A fan’s favourite, a hero for the classic fast-bowling fan, Tait highlighted stellar calibre but very limited outcome?

This isn’t the Sir Viv- Andy Roberts era. This also isn’t Jeff Thompson-Ian Chappel age. And neither is this, the Alan Donald-Daryl Cullinan time. Cricket isn’t just some sport. It’s part of a daily religious exercise to which cricketers commit their allegiance, on an almost daily basis, agreeing willingly to undergo the rigours akin to a passenger airliner that cannot say no to a daily, London-to-Paris flight. The airliner does need refuelling. High maintenance. And obviously, constant repair work owing to loosening of nuts and bolts.

Shaun Tait, an express fast bowler, who, on a lean day topped the speed gun, above his contemporaries with nothing more than a 140-145 k/hr. was this frequent flier. Just that his system came to constant overhaul.

There was jet speed, skyrocketing performances but rapidly, manically waning fortunes. Precisely this highlighted the right-arm bowler’s predicament.

It wasn’t that he wasn’t fit. No inch of fat. Not a trace of loosely hanging muscle. All toned up. Tait was a robust man of flesh and blood, pious dedication and strong moral fibre. But the dilemmas cricket taxed him with were too good for the strangely withering frame he was contesting with. Even as he played his final T20 game for Australia just months before, 31st January 2016, Tait was express pace again. Clocking up the 148-k/hr tag. But he also highlighted another concern that, till this very last game continued his troubles with line. If not length!For most pace bowlers, it’s both- line and length to be in absolute control. Shaun Tait had menacing length but no line.

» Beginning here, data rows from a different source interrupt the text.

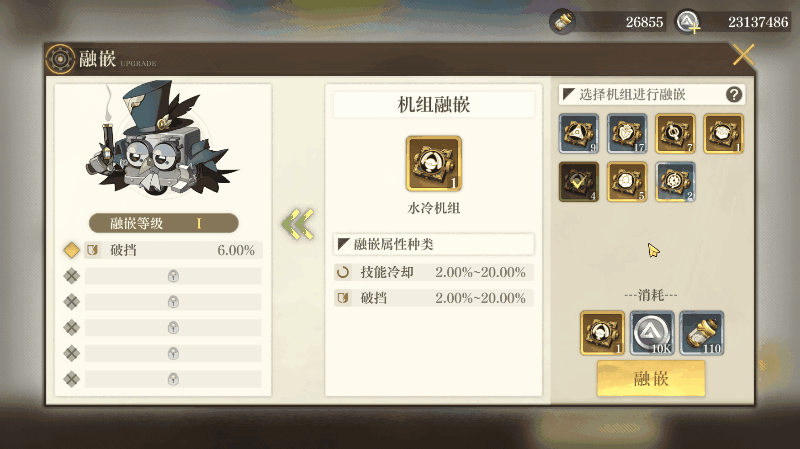 机控室以及寻秘远征获取的机组融嵌在原型机上,每一次融嵌将累积融嵌经验,经验满时将会开启新属性词条,经验未满时也会概率获得新属性词条,对于新增或替换的词条,开拓者可以自行选择是否保留融嵌结果。
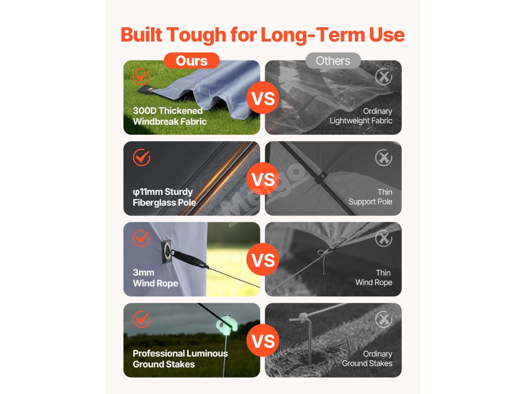 | Materiál | 70G sieťovina + zosilnená 300D oxfordská tkanina s PU povlakom + strieborná strieška + nosné tyče zo sklenených vlákien |
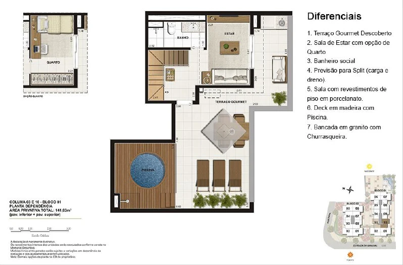 • Previsão para infra de ar-condicionado tipo split nos dormitórios e na sala (somente dreno e carga);
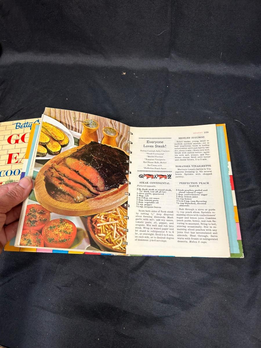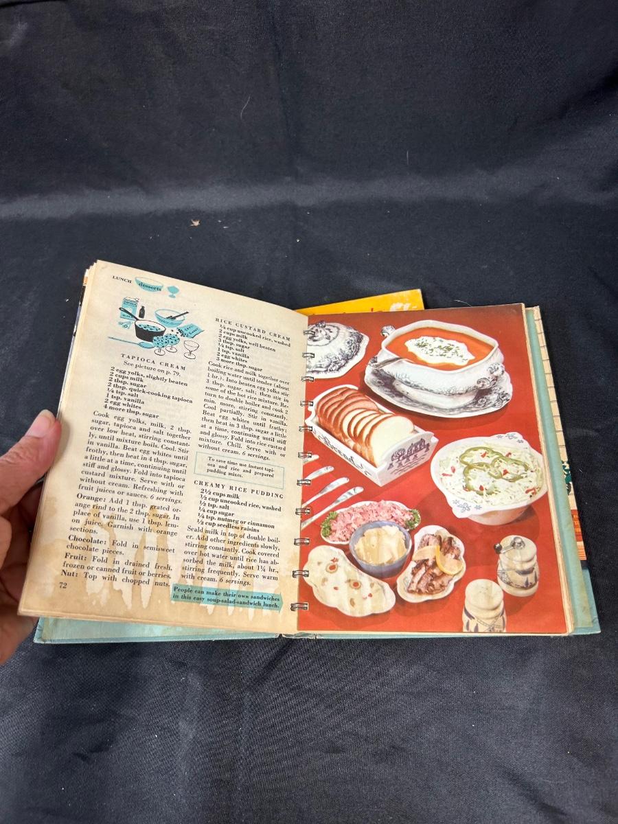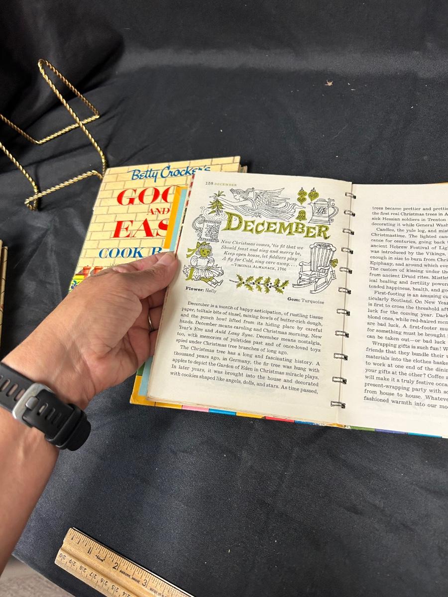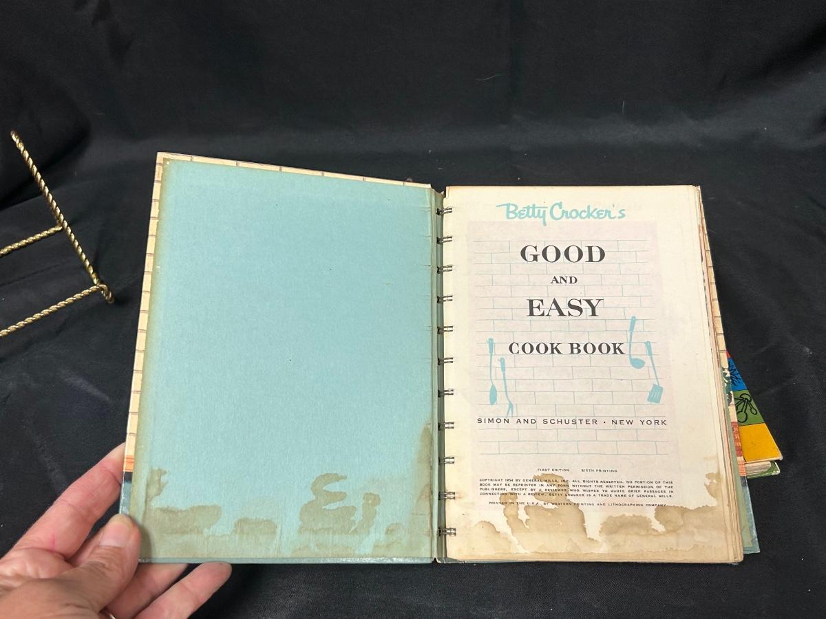 Pair of Midcentury Betty Crocker Cook Books Good and Easy & Cooking Calendar. Spiral bound cookbooks. The Cooking Calendar give ideas for everyday of the year. Good and Easy has some water stains along the bottom. Both would display well.
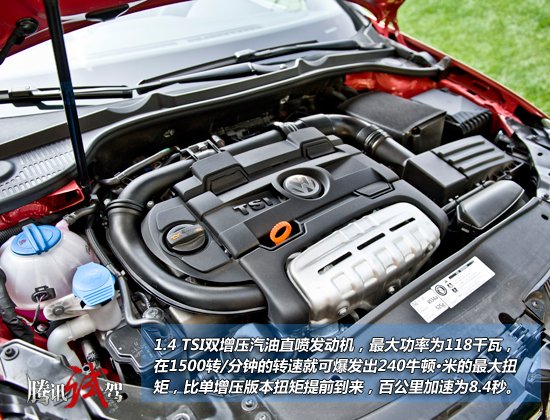 ' z6 y# o4 ?7 E腾讯试驾大众高尔夫敞篷轿车 高尔夫敞篷轿车在优雅的外表下蕴含着强劲的动力,搭载一台1.4 TSI双增压汽油直喷发动机,最大功率为118千瓦,在1500转/分钟的转速就可爆发出240牛顿·米的最大扭矩,比单增压版本扭矩提前到来,在7速DSG变速箱的帮助下,百公里加速为8.4秒。
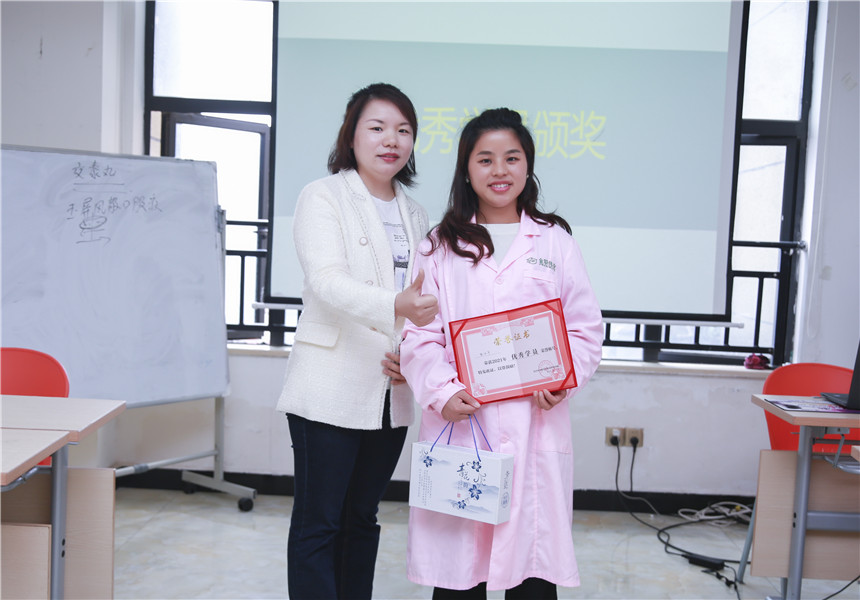 緊接著,資深小兒推拿講師陳喜南為學(xué)員謝泳平頒發(fā)優(yōu)秀學(xué)員證書(shū)。“非常榮幸能獲得這個(gè)獎(jiǎng),12天的學(xué)習(xí)過(guò)得極為充實(shí),在這里我學(xué)到了很多知識(shí),很感謝金職偉業(yè)的老師,她們都很有耐心,有問(wèn)必答,一點(diǎn)也不會(huì)覺(jué)得麻煩,也感謝所有學(xué)員姐妹,希望今后大家也能多聯(lián)系,一起加油進(jìn)步。”謝泳平分享道。

How else would you describe a rather mediocre performance in that virtually do-or-die game for Australia against India, Cricket World Cup, 2011? Tait conceded most runs, delivered 8 extras of Australia’s tally of 21 and went nearly above 7.5-an over. Not the kind of stuff Clarke would’ve expected from a premium pace bowler. And truth be told, the habit, rather a constantly occurring misgiving of delivering way too many no-balls and wides heightened Shaun Tait’s struggle with form just as much his express pace bowling, magnified by generating an extra bounce, covered the chinks in his armour.

In his debut game, Ashes 2005, he did strike early. Drew first blood and collected an impressive 3 wickets. But of the 450 plus England score, Tait contributed a nearly 120 or something. For the most part of his limping cricketing journey, built on the painfully correct tedium of having a shiny, rhythmic bowling action, that could be quite likened to a Joel Garner or Wes Hall, Tait walked the tightrope between the emotional trouble of having to sit out on injury and performing with a probing frame, one that doubted him more than the Aussie selectors.

Above all, we must tip our hat to a cricketer who seemed content and focused in an era marked by expletives, soaring commercial fortunes and insular cricketing personalities.

Not much of a talker, Shaun Tait, who only collected 67 wickets from the very limited ODIs and hardly a handful Tests that he played, has bowed out as an amiable, kind and encouraging man. He was up for the rigours of T20, even whilst facing his toughest physical challenge for Rajasthan Royals in the IPL (under Dravid’s consistency) as he battled sore back and cramps. Ever a patient listener and someone you would first reach out to, to celebrate a dismissal, the Adelaide-man persisted. Smiled. And above self achievements- most remarkably that of being the world’s fastest bowler at one time- took pleasure in others’. That’s not only a wonderful quality, rather indicative of a rarity that one doesn’t observe in contemporary cricketing culture.